In 2008, China’s State Council issued a National Intellectual Property Strategy which included the long-term objective to “become a country with a comparatively high level in terms of the creation, utilization, protection and administration of [IP rights].” More recently, this target number was explicitly quantified as 12 invention patents per 10,000 people in China by 2020. To incentivize Chinese nationals to file more patent applications, the government introduced subsidies and tax-breaks for nationals holding registered intellectual property rights. For example, in 2007 the Beijing authorities implemented an incentive program whereby a Beijing entity could receive roughly US $720 for each Chinese patent application filed, and roughly US $72,000 for each international patent application filed. This saw a meteoric rise in patent filings by Chinese nationals with a concomitant increase in patent agencies filing patent applications for these nationals at a cost which is below that of the government incentives. Naturally, this has resulted in a proliferation of patents being filed which the applicant may have no intention of enforcing, and, in a lot of cases, where the applicant may know that the patent is invalid.
In 2021, the Dutch Patent Office noticed a peculiar increase in the number of Chinese foreign nationals filling patent applications in the Netherlands which did not claim priority from an earlier application, and which were requested to be granted on an urgent basis. Upon further investigation, the Dutch Patent Office determined that 50% of these applications were “re-used” patent applications, i.e., machine translations of previously published Chinese patent applications of which the time limits from which to claim priority had already expired. Accordingly, the Dutch Patent Office issued a directive that from 1 September 2022, it would no longer review these types of applications as they constituted an abuse of law.
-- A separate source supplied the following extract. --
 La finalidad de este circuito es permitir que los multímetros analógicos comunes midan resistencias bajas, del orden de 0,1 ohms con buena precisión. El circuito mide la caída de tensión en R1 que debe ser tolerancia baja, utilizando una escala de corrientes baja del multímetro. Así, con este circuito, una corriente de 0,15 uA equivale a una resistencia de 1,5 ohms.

The Dutch patent system is similar to the current South African patent system in that patent applications are not substantively examined, i.e., if the formal requirements are met, a patent will be granted. Furthermore, it was, up until recently, possible to request that the Registrar expedites the issuing of acceptance, which, in real terms, meant that a South African application could proceed to grant within three to five months of having been filed at the Patent Office. There are instances where the filing of such a request may be legitimate, e.g., where an applicant becomes aware of a potential infringement of the claims contained in their patent application, and wishes to institute legal proceedings in relation thereto, which can only occur after grant.
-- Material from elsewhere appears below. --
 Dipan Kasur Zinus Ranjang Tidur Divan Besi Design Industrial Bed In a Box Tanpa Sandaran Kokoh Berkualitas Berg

The above confluence of factors resulted in a large influx of patent applications being filed in South Africa on behalf of Chinese applicants, which filings were accompanied by requests to expedite acceptance of these applications. Despite this huge administrative burden, the South African Patent Office commendably rose to the occasion and processed most of these patent applications timeously, resulting in the staggering increase of granted patents in 2022.
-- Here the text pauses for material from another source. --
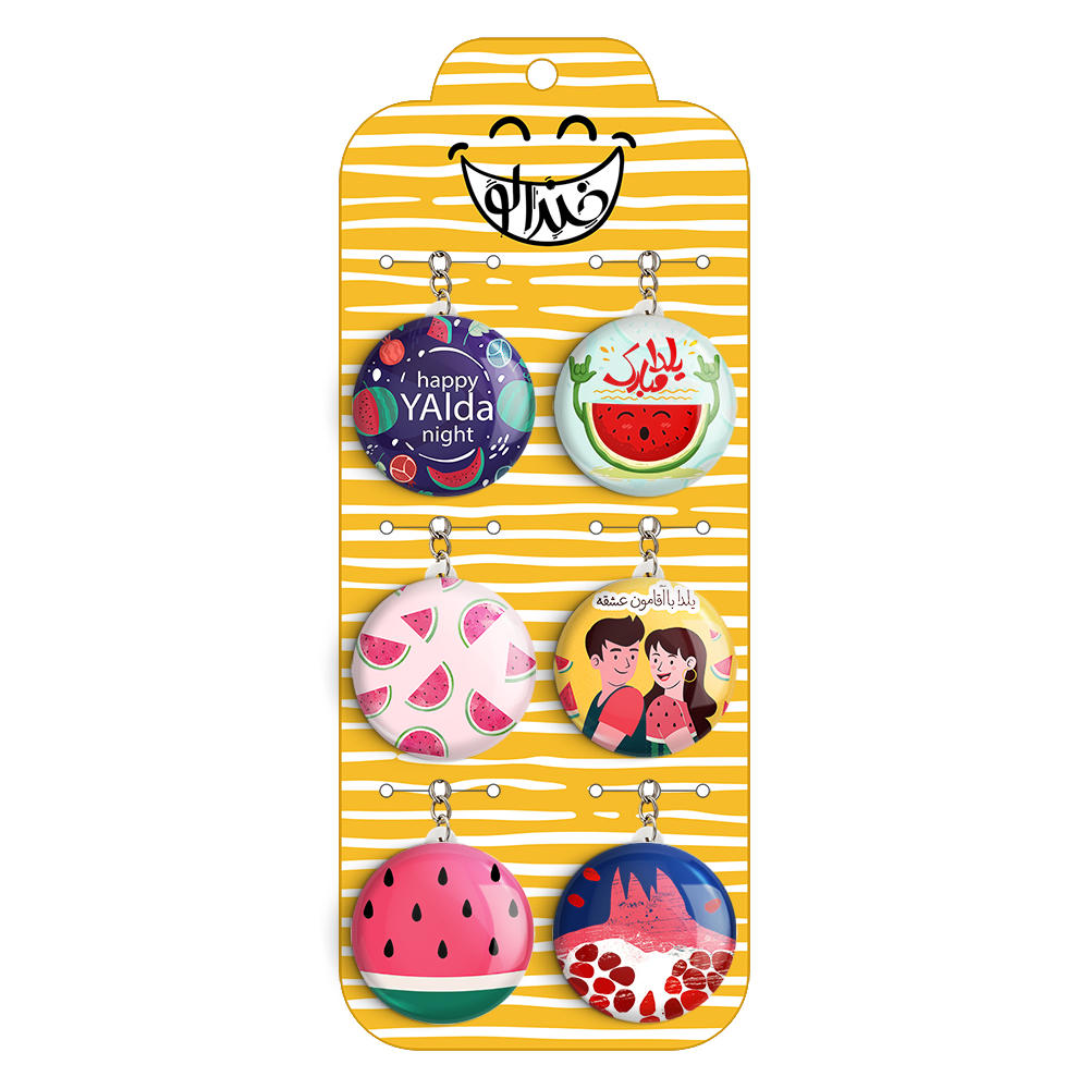 پک 6 عددی جاکلیدی خندالو طرح شب یلدا با استفاده از روکش سلفون حرارتی مات ضدخش تولید شده که خاصیت ضدخش بودن آن عمر مفید استفاده از جاکلیدی ها را افزایش میدهد. چاپ جاکلیدی ها با دستگاه های استاندارد و با بهترین سطح کیفیت صورت گرفته و طرح با شفافیتی مثال زدنی و با سلفون چسبی تولید شده است که باعث شده محصول نهایی بدون شکست نور دیده شود.

When the recently appointed Registrar, Dr. Thandanani Cwele, became aware of the above abuse of the South African patent system, he issued Practice Note 21 of 2023, relating to requests for expedited acceptance, which came into force on 11 April 2023. In terms thereof, if such a request is filed within 12 months from the date of PCT national phase entry, or 18 months of having filed all other patent applications, the Registrar will require further evidence to be annexed to the request, which evidence shall include one of the following:
- for PCT applications, a copy of the Written Opinion or International Preliminary Report on Patentability issued during the international PCT phase, whereby at least one of the claims have been examined and found to be novel and inventive;
- a copy of a search and/or examination report of an equivalent foreign patent application issued by an examining patent office, whereby at least one of the claims have been examined and found to be novel and inventive; or
- an affidavit from at least one applicant, providing reasons that expedited acceptance is required.
This measure taken by the Registrar has been applauded by most South African patent practitioners as the South African Patent Office had already been under extensive administrative burden to issue acceptances for legitimate patent applications, long before this abusive practice transpired. Collectively, it is hoped that this measure will now give the Patent Office the breathing room to continue its laudable administrative efforts.
Chinese authorities have been aware of the possible abuse of the incentive system since its inception and have, over time, tried to legislate sanctions in an attempt to curb enthusiasm for “abnormal patent application behavior”. In 2020, the Chinese government noted that it had exceeded its target and had filed 15.8 patent applications per 10,000 people. In 2021, the Chinese government indicated that no more government funding would be provided for the filing of patent applications, however, local governments would still be entitled to provide financial incentives for patents (including foreign patents), but only after a patent had been granted. The government further indicated that local governments, however, would need to phase out the remaining financial assistance completely by 2025.
This gradual phasing out by 2025, does, however, leave a window of opportunity for Chinese nationals to potentially exploit other non-examining patent offices, and it has been suggested that non-examining jurisdictions should consider pre-emptively shoring up their legislative framework against the potential flood of junk patents.